Dodonaea scurra

Scientific classification
- Kingdom: Plantae
- Clade: Tracheophytes
- Clade: Angiosperms
- Clade: Eudicots
- Clade: Rosids
- Order: Sapindales
- Family: Sapindaceae
- Genus: Dodonaea
- Species: D. scurra
- Binomial name: Dodonaea scurra K.A.Sheph. & R.A.Meissn.

= Dodonaea scurra =

- Authority: K.A.Sheph. & R.A.Meissn.

Species of plant

Dodonaea scurra is a species of flowering plant in the family Sapindaceae and is endemic to inland areas of Western Australia. It is a dioecious, multi-stemmed shrub with simple, sessile, linear leaves, flowers arranged singly in leaf axils with four sepals, six stamens and spherical capsules with three narrowly triangular, crusty appendages.

==Description ==
Dodonaea scurra is an erect, multi-stemmed, dioecious shrub that typically grows to a height of 0.4–1 m and has scattered white hairs on its young stems and leaves. Its branchlets are erect and woody with 4 to 8 leaves clustered at nodes. The leaves are simple, sessile, 2.0–12 mm long and about 0.3–0.7 mm wide, rarely with up to three lobes.

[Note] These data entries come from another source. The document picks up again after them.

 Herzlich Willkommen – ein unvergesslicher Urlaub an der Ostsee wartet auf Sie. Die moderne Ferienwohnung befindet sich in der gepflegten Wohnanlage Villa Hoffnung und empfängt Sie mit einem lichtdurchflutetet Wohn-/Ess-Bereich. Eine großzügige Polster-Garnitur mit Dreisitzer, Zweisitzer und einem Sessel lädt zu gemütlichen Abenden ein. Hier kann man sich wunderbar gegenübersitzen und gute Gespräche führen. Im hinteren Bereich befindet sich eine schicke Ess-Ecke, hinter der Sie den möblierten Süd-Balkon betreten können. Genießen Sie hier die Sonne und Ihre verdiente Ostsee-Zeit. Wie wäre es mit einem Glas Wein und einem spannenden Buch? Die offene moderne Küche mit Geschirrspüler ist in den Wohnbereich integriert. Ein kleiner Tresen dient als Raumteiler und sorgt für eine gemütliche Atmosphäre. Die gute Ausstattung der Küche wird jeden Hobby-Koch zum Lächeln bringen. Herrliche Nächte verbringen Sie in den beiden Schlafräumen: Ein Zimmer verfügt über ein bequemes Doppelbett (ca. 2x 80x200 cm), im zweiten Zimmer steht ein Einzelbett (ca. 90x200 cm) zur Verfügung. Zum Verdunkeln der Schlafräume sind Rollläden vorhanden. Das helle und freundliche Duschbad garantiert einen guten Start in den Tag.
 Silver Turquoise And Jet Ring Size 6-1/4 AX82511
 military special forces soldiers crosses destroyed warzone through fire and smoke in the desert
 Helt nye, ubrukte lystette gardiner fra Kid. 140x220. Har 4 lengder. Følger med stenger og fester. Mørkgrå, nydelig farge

The flowers are arranged singly in leaf axils, with four narrowly egg-shaped sepals, 1.7–2.2 mm long with the narrower end towards the base, the six stamens about as long as the sepals. Flowering occurs from August to October and the capsules are crust-like, spherical to elliptic, 2.5–4 mm long, 3.0–6.6 mm wide and with three narrowly triangular appendages 2.1–6.3 mm long.

==Taxonomy==
Dodonaea scurra was first formally described in 2007 by Kelly Anne Shepherd and Rachel Meissner in the journal Nuytsia. The specific epithet (scurra) means 'jester', referring to the fruiting capsules that are reminiscent of a court jester's cap.

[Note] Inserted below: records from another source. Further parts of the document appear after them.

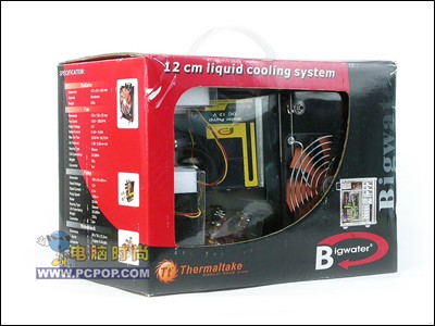 BigWater支持Intel LGA775以及Socket 478 P4、AMD的K7, K8,是一款全平台的散热产品。套件中的换热器,体积为122mm×35mm×166 mm,属于一款12cm规格的换热器。这款水冷头采用了时尚的半透明设计,下半部分是采用压铸工艺的全铜基座,并且相当有分量。全铜基座底部与CPU接触的表面,打磨得相当光滑。BigWater的附件众多,其中一瓶绿色的UV荧光水,它可以让整套水冷系统看起来更加漂亮。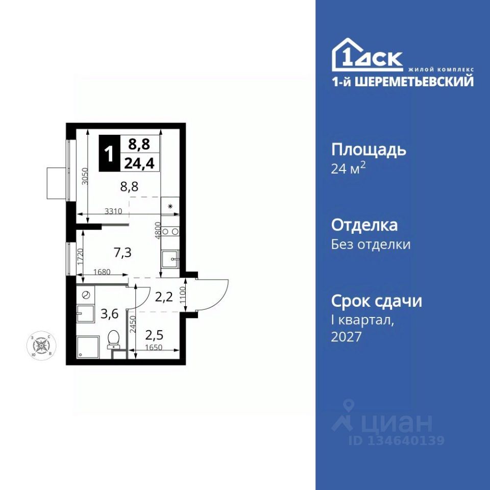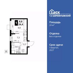 Продаётся квартира-студия номер 957 общей площадью 24.4 кв.м. на 10-м этаже 11 этажного здания. Без отделки.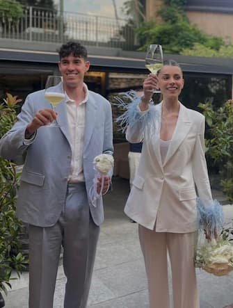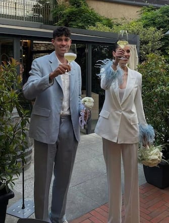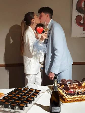 - Il brindisi della coppia, che si è sposata il 31 maggio, ma ha pubblicato le foto sui social il giorno dopo.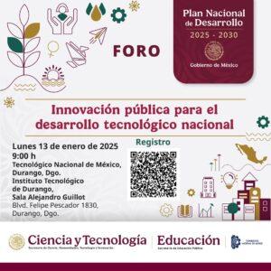 La Secihti contribuye en la elaboración del PND; por ello, en colaboración con la SEP —mediante el TecNM— y el Gobierno del Estado de Durango, coordina el foro “Innovación pública para el desarrollo tecnológico nacional”, el cual se llevará a cabo en las instalaciones del Instituto Tecnológico de Durango, Blvd. Felipe Pescador 1830, Nueva Vizcaya, Durango, Durango.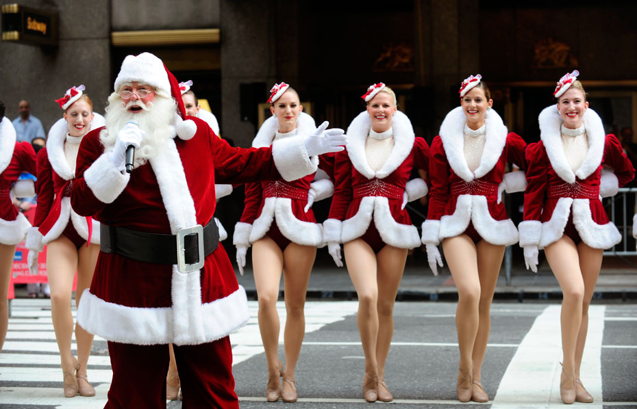 8月25日,美國“火箭女郎”舞蹈團身著圣誕裝在無線電城音樂廳(Radio City Music Hall)前演出。來源:中國新聞網(wǎng)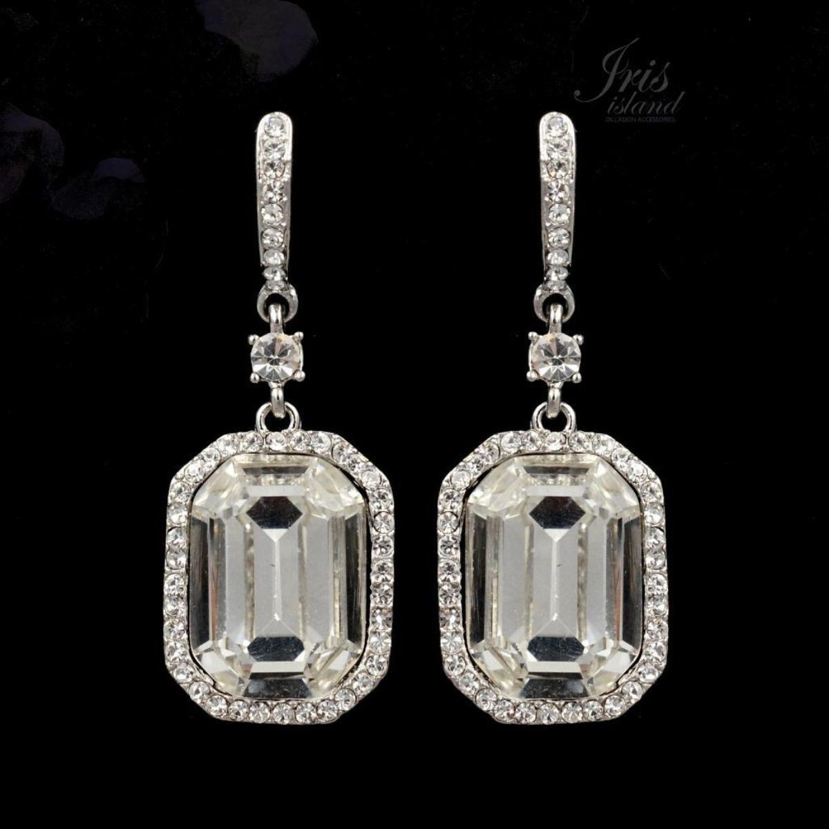Art Deco Gatsby-style clear Czech crystals set into rhodium plated drop dangle earrings. Length: 1.75" . 9996-040118-EB-20718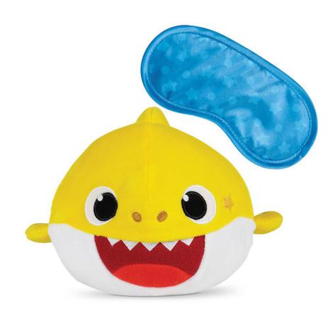 Baby Shark Hora de Dormir Brinque o dia todo ou durma sãoe salvo com a sua pelúcia favorita A pelúcia vem com dois modos: Modo Dia:canta a música tema do desenho ou tire e coloque a máscara e escute opersonagem brincando de esconde-esconde com você. Ouça as reações divertidas dobebê tubarão Modo noturno: apague as luzes ou cubra os olhos do Bay Shark com amáscara de dormir para ele cantar a canção de ninar Goodnight Baby Shark. Abarbatana superior do Baby Shark se ilumina com um suave brilho noturnoTecnologia interativa: a pelúcia Baby Shark pode detectar se está em uma salailuminada ou escura. é também sabe quando sua máscara está ligada ou desligadaquando você joga esconde-esconde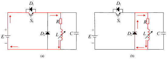 The schematic diagram of the working circuit of the multidirectional electromagnetic shock source is shown in Figure 2. The method of direct battery power supply is used to regulate the power-on time by controlling the on-off of the IGBT. is the energy storage battery, is the control switch IGBT, is the coil resistance, is the coil inductance, is the coil distributed capacitance, and is the freewheeling diode. Figure 2a describes the circuit discharge process. At this time, the IGBT is closed, the circuit is connected, and the battery is directly powered to form a conduction circuit. The coil has current flowing through it to form a magnetic field to accelerate the hammer in the moving cavity. At the same time, the coil acts as an inductor to store a certain amount of energy during the discharge process. As shown in Figure 2b, when turning off the IGBT, the inductor forms an afterflow through the freewheeling diode , and consumes the energy stored during the discharge process through the coil resistance. The single working process of the electromagnetic source consists of the discharge process and afterflow process.

==Distribution and habitat==
This species of Dodonaea grows in shrubland on the upper crests of banded ironstone outcrops, and is only known from the Koolanooka Hills east of Morawa in the Avon Wheatbelt bioregion.

==Conservation status==
Dodonaea scurra is listed as "Priority One" by the Western Australian Government Department of Biodiversity, Conservation and Attractions, meaning that it is known from only one or a few locations which are potentially at risk.